**Material provided:**
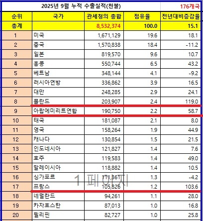 이에 따라 업계는 기민하게 수출 물량을 대거 늘리면서 대응했다. 대 미국 수출은 5월부터 중국을 추월하며 두 자릿수 증가율을 이어갔다. △ 5월 +21% △ 6월 +23.6% △ 7월 +21.2% △ 8월 -5.7% △ 9월 +33.3% 등 월별 수출액에서 보듯 9월 증가폭이 컸다.
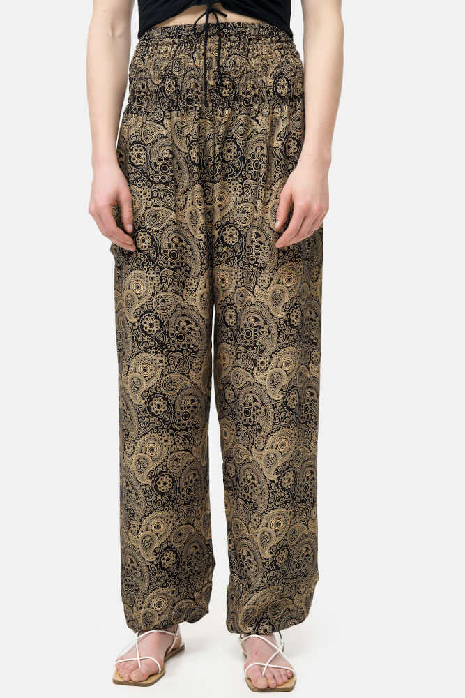 Calça Harem Ornamentos Dourados Versão Longa
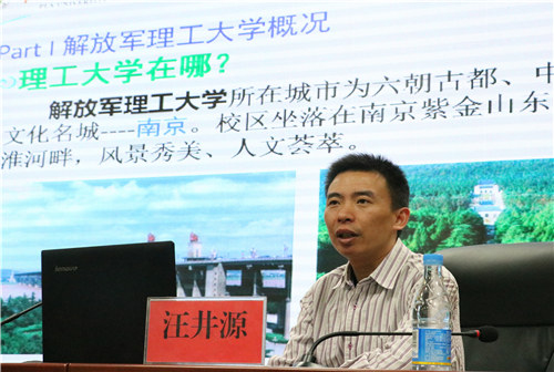 会议伊始,全体国防生通过观看解放军信息工程大学招生宣传介绍,初步了解了解放军信息工程大学的历史沿革、发展概况、学科建设、招生计划等各方面基本情况。随后,汪井源对其中的内容进行讲解,并对解放军理工大学近年来对于在校国防生的招生要求做了详细的介绍。并就学院信息、学科情况和研究方向进行了详细地讲解,对相关学院的科研成果进行了简要介绍。汪井源讲到,信息化对于军队建设有着极为重要的意义,科学技术亦是建设现代化军队的重要保障,希望更多的学子能得到深造,为科技强军做出自己的贡献。最后,汪井源对提问同学做出了耐心详细的解答。
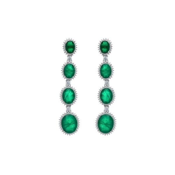 Brinco Princesa Oval Esmeralda Fusion Rodio Branco
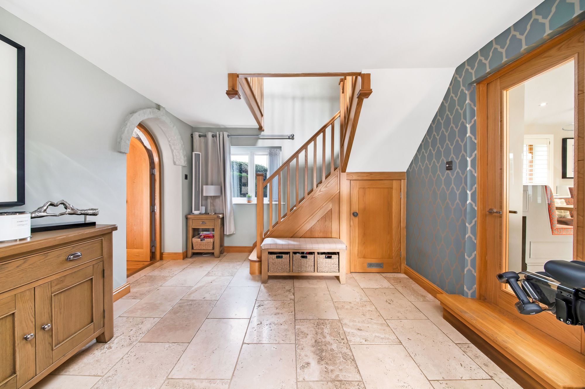 Attractive timber and glazed door gives access through to the entrance hall. This entrance hall has a beautiful ceramic tiled flooring and a chandelier point to the ceiling. It is decorated with timber panelling to dado height and has a four panel timber door leading to the downstairs w.c.
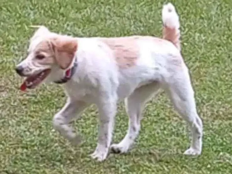 Porte médio, branca com caramelo e pintinhas nas patas e fucinho, quando fugiu estava com uma coleira cinza e uma rosa pink!
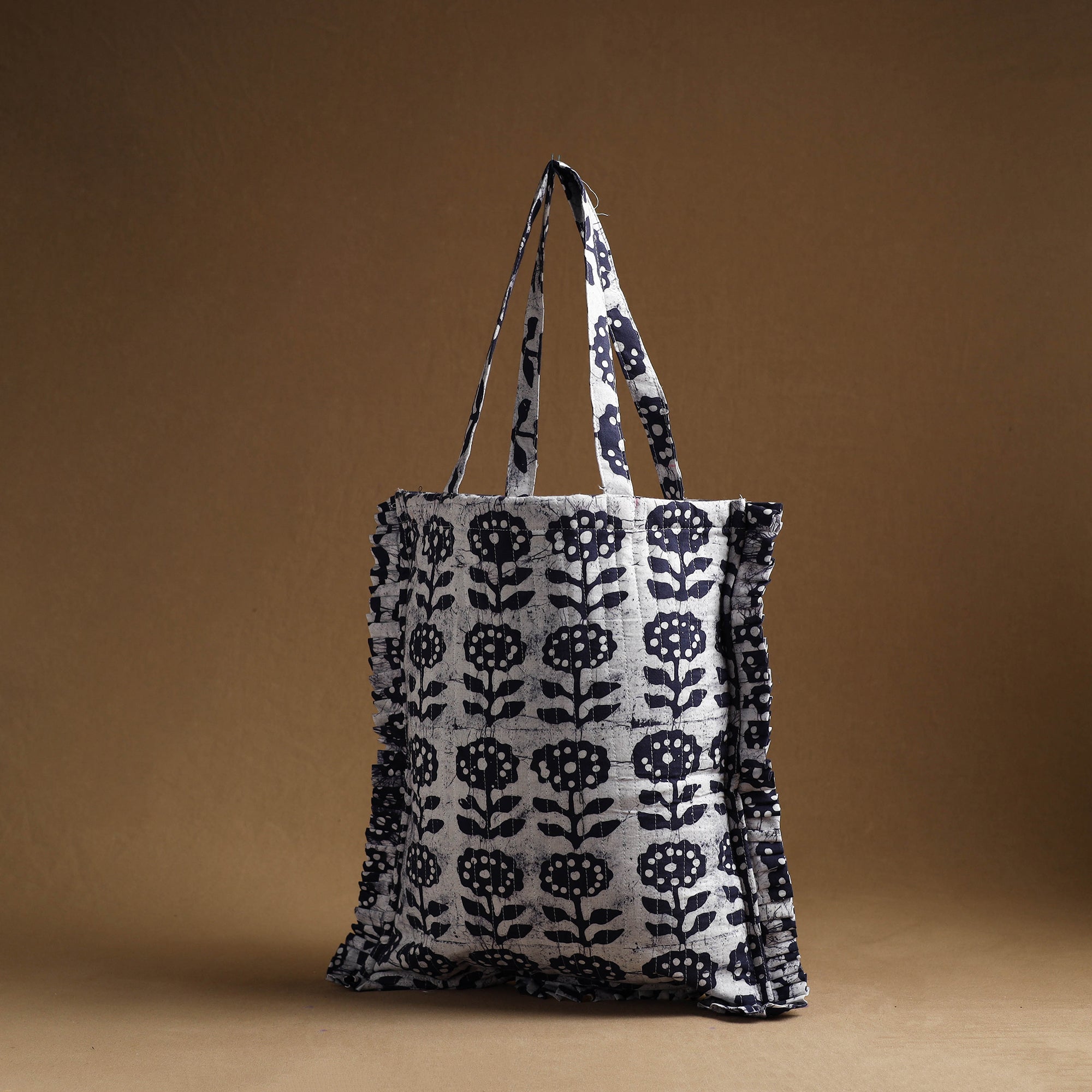 This blue handcrafted cotton frill jhola bag seamlessly blends tradition with modern style. Made from eco-friendly materials, it’s spacious enough to carry your daily essentials while adding a touch of artisanal charm to your outfit.
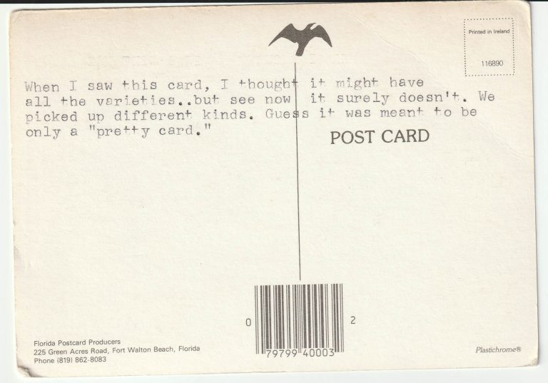I cannot quite explain, but this is my favourite of the lot. The textures. The nearly fading ink with the slants and pulses from a fountain pen. The old worn corners. The irregular cut on the sides and bottom, because why? What’s in the fringes that they so wanted to remove? And then choose to keep the main postcard?
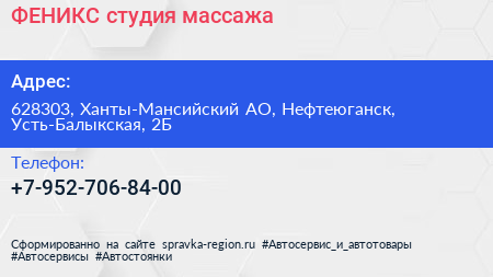 ФЕНИКС, студия массажа по адресу 628303, Ханты-Мансийский АО, Нефтеюганск, Усть-Балыкская, 2Б в дальнейшем Организация, размещена в следующих категориях:
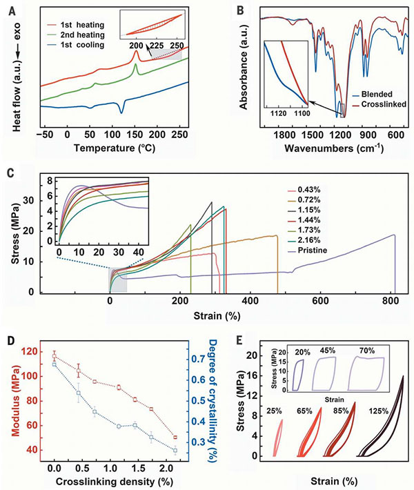 作者发现,交联密度优化值为1.44%时,化学改性后逇P(VDF-TrFE)能够表现出最佳的结晶度和弹性。此外,得益于PVDF和PEG二胺的不混溶联性主要发生在半结晶聚合物的非晶区域,这从一定程度上保留了结晶区域中的β相,并解释了观察到的铁电性。结果显示,本文提出的化学改性可以将塑性铁电聚合物“调控”为弹性体,实现从不可逆变到可逆变形的转变。
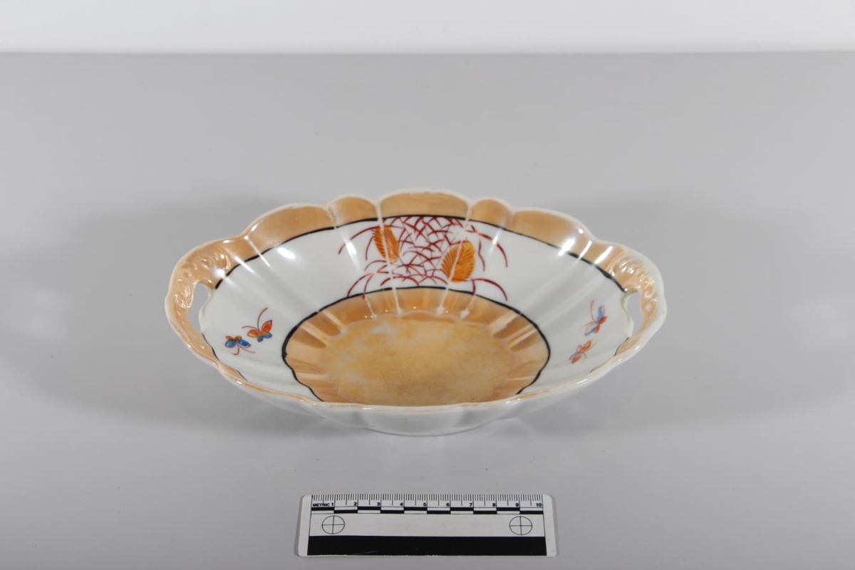 Kökuskál úr hvítum leir. L. 22 cm. Br. 14,4 cm. H. 5,5 cm. Bylgjótt mynstur upphleypt allan hringinn. Er með eyru sínu hvoru megin. Gul/ gyllt rönd efst og í botninn. Svartar rendur eru neðan og ofan við gulu rendurnar. Í hvítu röndinni eru strá og fiðrildi.
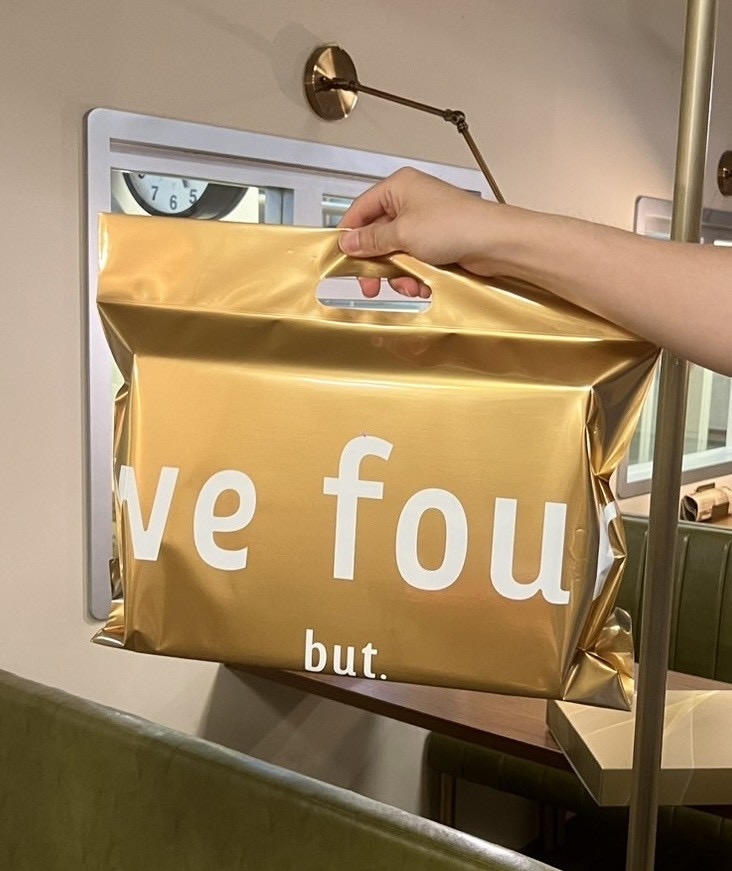 而且提袋也超美!不是常見有繩子的提袋,是做金色搭配英文字母logo的手拿設計,走路提著都覺得自己很氣質哈哈哈,連我爸媽看到都說水水水好看!
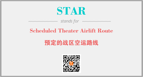 上述内容是“Scheduled Theater Airlift Route”作为“STAR”的缩写,解释为“预定的战区空运路线”时的信息,以及英文缩略词STAR所代表的英文单词,其对应的中文拼音、详细解释以及在英文中的流行度和相关分类、应用领域及应用示例等。
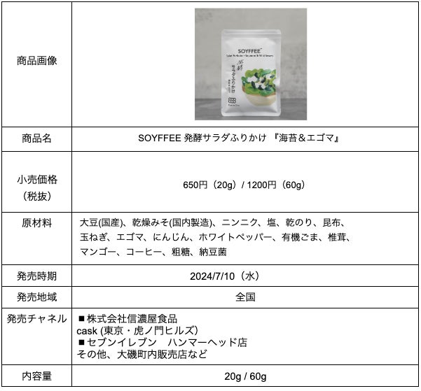 7⽉10⽇は納⾖の⽇!!“納豆と味噌をベース”にした野菜をもりもり食べられる新しい大豆発酵食品『SOYFFEE™ 発酵サラダふりかけ』が新発売。
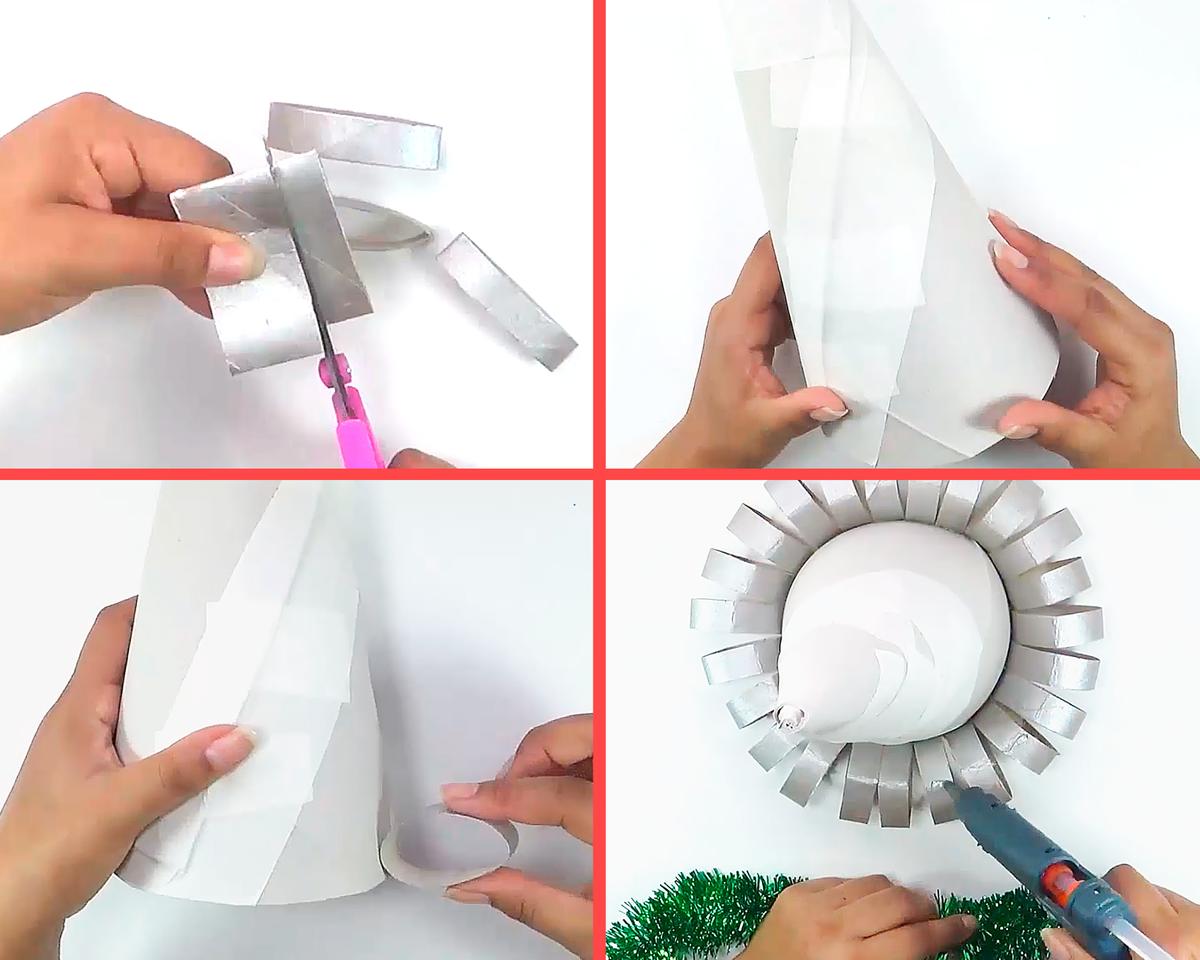 Repite una fila de tiras de tubos de cartón y una de guirnalda hasta cubrir el cono, agrega la estrella y listo!

**Task brief:** Quote all the records verbatim, dropping any pictures from your copy.

**Solved exercise:**
 이에 따라 업계는 기민하게 수출 물량을 대거 늘리면서 대응했다. 대 미국 수출은 5월부터 중국을 추월하며 두 자릿수 증가율을 이어갔다. △ 5월 +21% △ 6월 +23.6% △ 7월 +21.2% △ 8월 -5.7% △ 9월 +33.3% 등 월별 수출액에서 보듯 9월 증가폭이 컸다.
 Calça Harem Ornamentos Dourados Versão Longa
 会议伊始,全体国防生通过观看解放军信息工程大学招生宣传介绍,初步了解了解放军信息工程大学的历史沿革、发展概况、学科建设、招生计划等各方面基本情况。随后,汪井源对其中的内容进行讲解,并对解放军理工大学近年来对于在校国防生的招生要求做了详细的介绍。并就学院信息、学科情况和研究方向进行了详细地讲解,对相关学院的科研成果进行了简要介绍。汪井源讲到,信息化对于军队建设有着极为重要的意义,科学技术亦是建设现代化军队的重要保障,希望更多的学子能得到深造,为科技强军做出自己的贡献。最后,汪井源对提问同学做出了耐心详细的解答。
 Brinco Princesa Oval Esmeralda Fusion Rodio Branco
 Attractive timber and glazed door gives access through to the entrance hall. This entrance hall has a beautiful ceramic tiled flooring and a chandelier point to the ceiling. It is decorated with timber panelling to dado height and has a four panel timber door leading to the downstairs w.c.
 Porte médio, branca com caramelo e pintinhas nas patas e fucinho, quando fugiu estava com uma coleira cinza e uma rosa pink!
 This blue handcrafted cotton frill jhola bag seamlessly blends tradition with modern style. Made from eco-friendly materials, it’s spacious enough to carry your daily essentials while adding a touch of artisanal charm to your outfit.
I cannot quite explain, but this is my favourite of the lot. The textures. The nearly fading ink with the slants and pulses from a fountain pen. The old worn corners. The irregular cut on the sides and bottom, because why? What’s in the fringes that they so wanted to remove? And then choose to keep the main postcard?
 ФЕНИКС, студия массажа по адресу 628303, Ханты-Мансийский АО, Нефтеюганск, Усть-Балыкская, 2Б в дальнейшем Организация, размещена в следующих категориях:
 作者发现,交联密度优化值为1.44%时,化学改性后逇P(VDF-TrFE)能够表现出最佳的结晶度和弹性。此外,得益于PVDF和PEG二胺的不混溶联性主要发生在半结晶聚合物的非晶区域,这从一定程度上保留了结晶区域中的β相,并解释了观察到的铁电性。结果显示,本文提出的化学改性可以将塑性铁电聚合物“调控”为弹性体,实现从不可逆变到可逆变形的转变。
 Kökuskál úr hvítum leir. L. 22 cm. Br. 14,4 cm. H. 5,5 cm. Bylgjótt mynstur upphleypt allan hringinn. Er með eyru sínu hvoru megin. Gul/ gyllt rönd efst og í botninn. Svartar rendur eru neðan og ofan við gulu rendurnar. Í hvítu röndinni eru strá og fiðrildi.
 而且提袋也超美!不是常見有繩子的提袋,是做金色搭配英文字母logo的手拿設計,走路提著都覺得自己很氣質哈哈哈,連我爸媽看到都說水水水好看!
 上述内容是“Scheduled Theater Airlift Route”作为“STAR”的缩写,解释为“预定的战区空运路线”时的信息,以及英文缩略词STAR所代表的英文单词,其对应的中文拼音、详细解释以及在英文中的流行度和相关分类、应用领域及应用示例等。
 7⽉10⽇は納⾖の⽇!!“納豆と味噌をベース”にした野菜をもりもり食べられる新しい大豆発酵食品『SOYFFEE™ 発酵サラダふりかけ』が新発売。
 Repite una fila de tiras de tubos de cartón y una de guirnalda hasta cubrir el cono, agrega la estrella y listo!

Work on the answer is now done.